Anton Du Beke and Erin Boag: Away from the bright lights of the ballroom

Anton DU Beke Erin Boag Strictly Come Dancing

On my way to the theatre I am picturing the article that I don’t want to write. I don’t want any Strictly puns in the title, I don’t want to put together some terribly forgettable exposé about life behind the sequins or the stage-smiles or whatever. It’s been done.

My aim is to have them give the honest answers, instead of the ones they either feel expected to say or the ones they are used to saying. My challenge is to have them put into words something I know from experience is very difficult to describe.

If I have nothing else in common with Anton Du Beke and Erin Boag (which is probably a fair assumption), I know what it is to love to dance. I have felt the drive take place over the exhaustion when your body is tired but your mind is not satisfied and to this day I wonder how it is that I cannot jog for more than twenty minutes yet I regularly find it in me to rehearse and choreograph for three hours straight.

Du Beke calls this a state of mind. Though he is ever-charming in his nature, his answer has a sort of hard-headedness that I would expect has emerged from his years of competing, the blood, sweat and tears that it took to get him to where he is now.

“You either are it, or you’re not,” he says and I think he’s entitled to be that unforgiving. Forget the fake tan and sheer-shirt stereotypes of Strictly and remember the man in front of me is a World Class professional.

“That attitude is the same for a dancer as for a professional sportsperson. You get those people at the top of their game – the really good ones. The others probably don’t have the same commitment and drive and preparation.”

Erin is off-duty in sweatpants and without makeup and I suppose that this is the reason that I am not permitted to take photos with them backstage. If that is the case it seems a bit of a burden for any girl to bear. But then I imagine that the audience want to believe in all the glamour and magic of ballroom and that Erin has probably come to personify that.

It’s not a weight on her shoulders though, as I discover. I think she is perhaps still too enamoured by the elegance to perceive it a requirement rather than a privilege.

“I’m very lucky,” she tells me, genuinely. “I get to dress up every night and dance beautifully.”

She’s too modest to be talking of just her own dancing here and the way she alludes to an infatuation with the dance as a whole is the first inkling I have that the pair may be able to answer the question that I really came here to ask.

The second is the fact that their relationship with dance has not been corrupted by money. We all know what it is to love something and then to instantly resent it when it’s no longer a choice but a necessity, and dancing is to some extent, their day-job.

And before I know it I’m asking (begrudgingly) about those stage-smiles and how much of it is all for show, before Anton wipes away any notion of the pair adopting alter-egos for the sake of a good performance.

“This is what we do and we absolutely enjoy it,” he says. “You can’t not be yourself when people have come to see you.”

And Erin agrees, “what you see onstage is what we are.”

It’s true, too.

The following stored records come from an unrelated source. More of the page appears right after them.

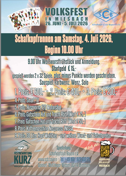 9. Preis: 30 Liter Hopf Weißbier • und weitere Wurst und Fleischpreise gespielt werden 2 x 32 Spiele, plus minus Punkte werden geschrieben,
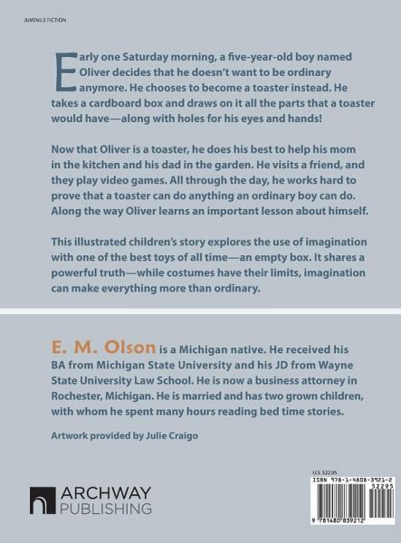 Early one Saturday morning, a five-year-old boy named Oliver decides that he doesn't want to be ordinary anymore. He chooses to become a toaster instead. He takes a cardboard box and draws on it all the parts that a toaster would have-along with holes for his eyes and hands! Now that Oliver is a toaster, he does his best to help his mom in the kitchen and his dad in the garden. He visits a friend, and they play video games. All through the day, he works hard to prove that a toaster can do anything an ordinary boy can do. Along the way Oliver learns an important lesson about himself. This illustrated children's story explores the use of imagination with one of the best toys of all time-an empty box. It shares a powerful truth-while costumes have their limits, imagination can make everything more than ordinary.
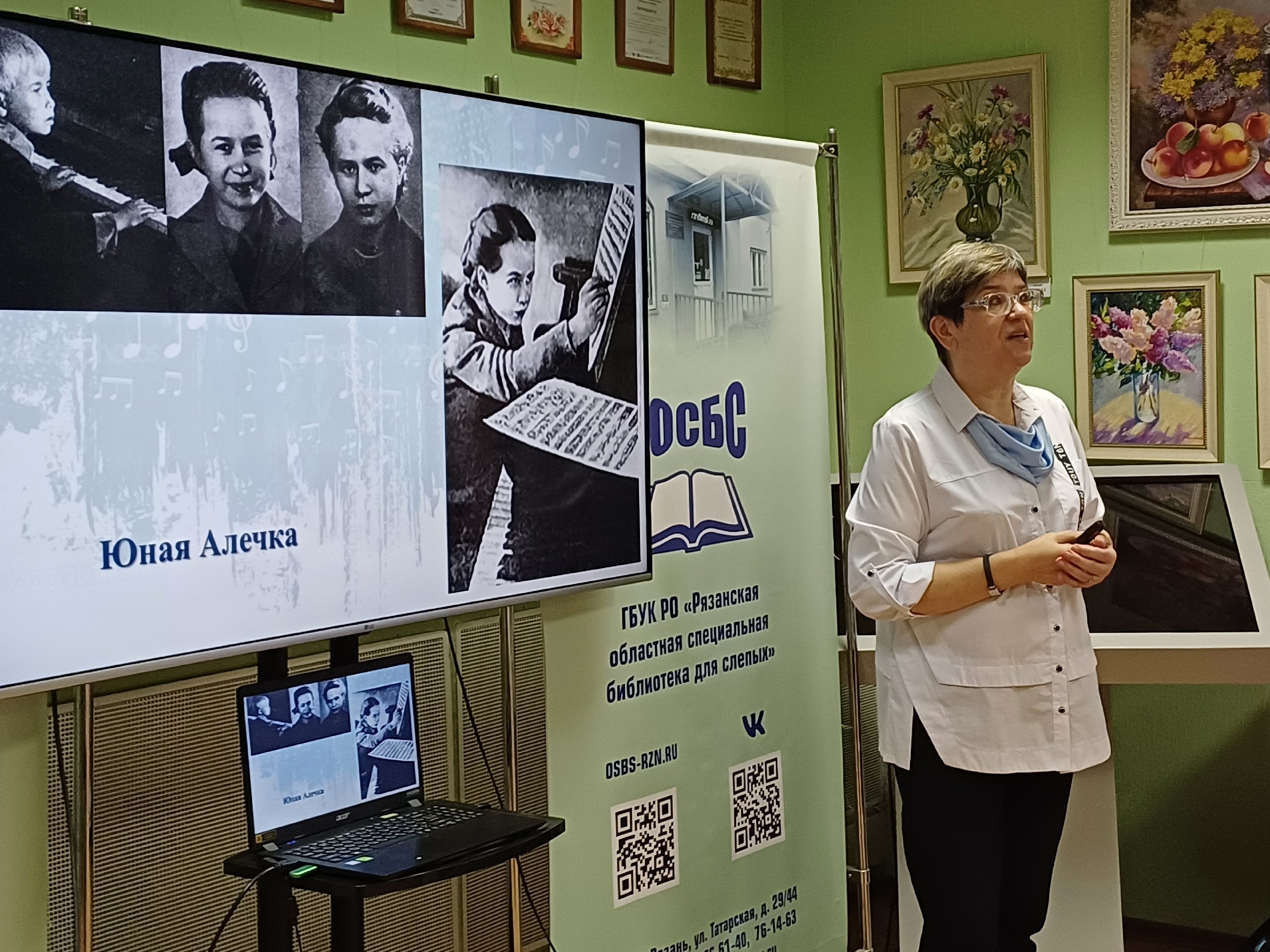 Главный библиотекарь Регионального методического центра по работе с инвалидами Смирнова О.А. рассказала о детстве и юности талантливой Алечки, её первых песенных работах, композиторском развитии и совершенствовании.
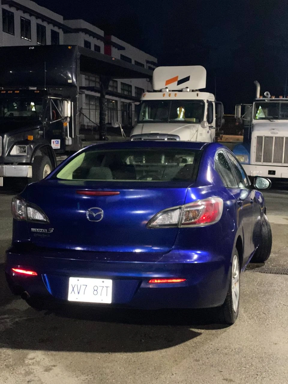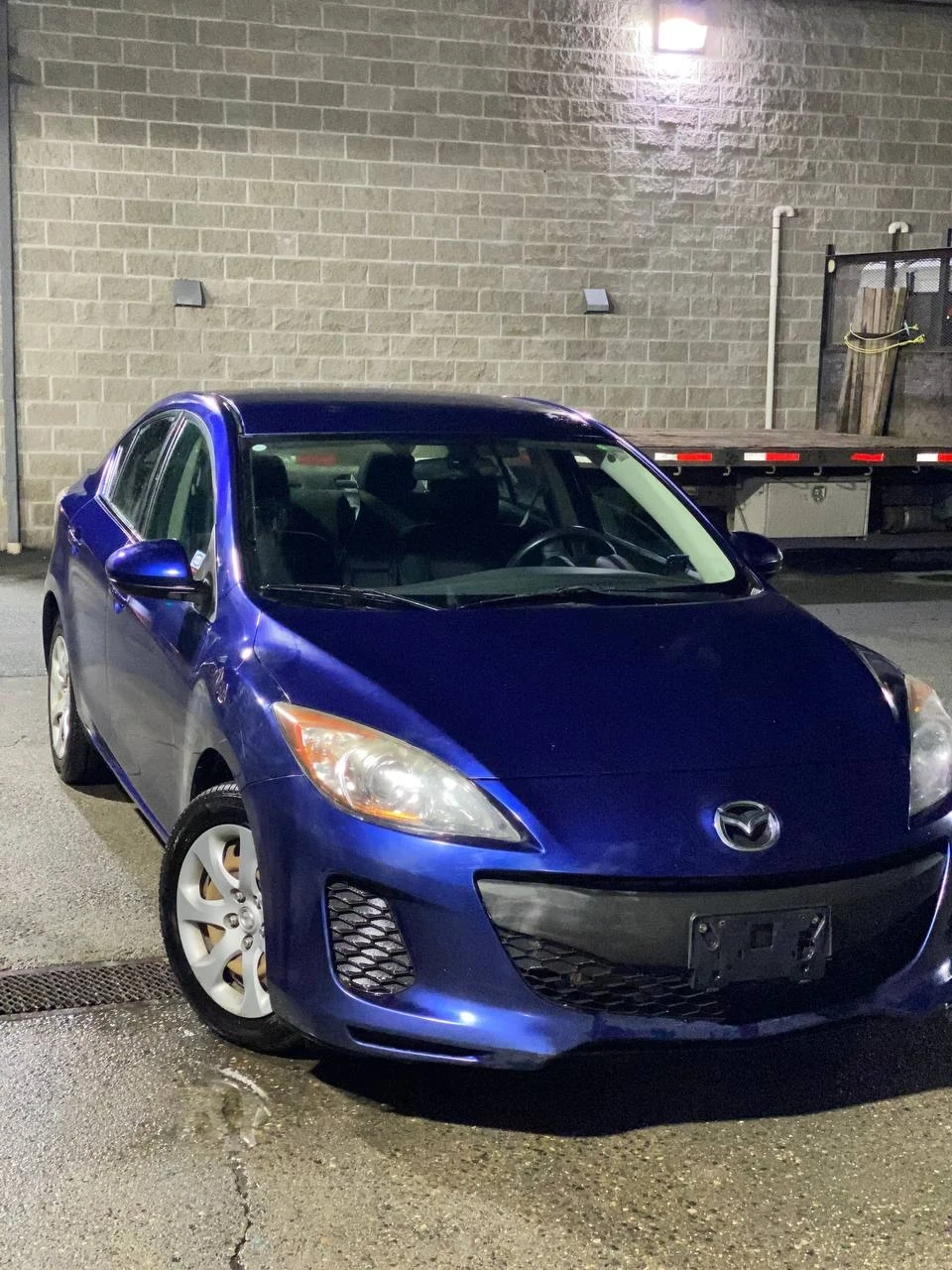 Blue four-door Mazda3 sedan. Automatic transmission. Interior features a clean dashboard and gauges.

Having watched from the audience I don’t see fakery. The showmanship is all just bringing to life what they have told me prior to the curtain rising.

And rather unexpectedly I found myself falling for the classic charm of ballroom and getting lost in all its elegance, so I’m not surprised when Erin recounts to me how the audience often think they see perfection.

“What people see and what we feel is often totally different though,” she adds.

“Not often,” Anton chips in, “always!” And while she digs her heels in for a moment eventually Erin comes around.

“Perfection is an unattainable goal,” Anton tells me, and just as I think it’s quite a forgettable cliché for him to call upon he adds, quite expertly, “as it should be.”

And I find the moment handed to me where I could ask two of the country’s best if they could ever adequately describe in words the moment it all comes together – when the stress and aches and pains and all the background noise fades behind the perfect symmetry of dancer, choreography and music.

“It’s like flying, really,” Anton says, and my heart sinks with the weight of the answer I didn’t want to hear.

And perhaps he sensed my disappointment because he started to search for a truer reflection, one I knew was hard to put into words for anyone who’d not known the feeling for themselves and one that Erin was equally struggling to express.

“It’s a weightless feeling of complete… –ness.” he went on to say. “It’s immaculate.”

And those were the right words. I knew because all three of us felt a sense of relief like the one when you finally remember the name of that person that you’ve been scouring the edges of your memory for hours to recall – suddenly, it all fits.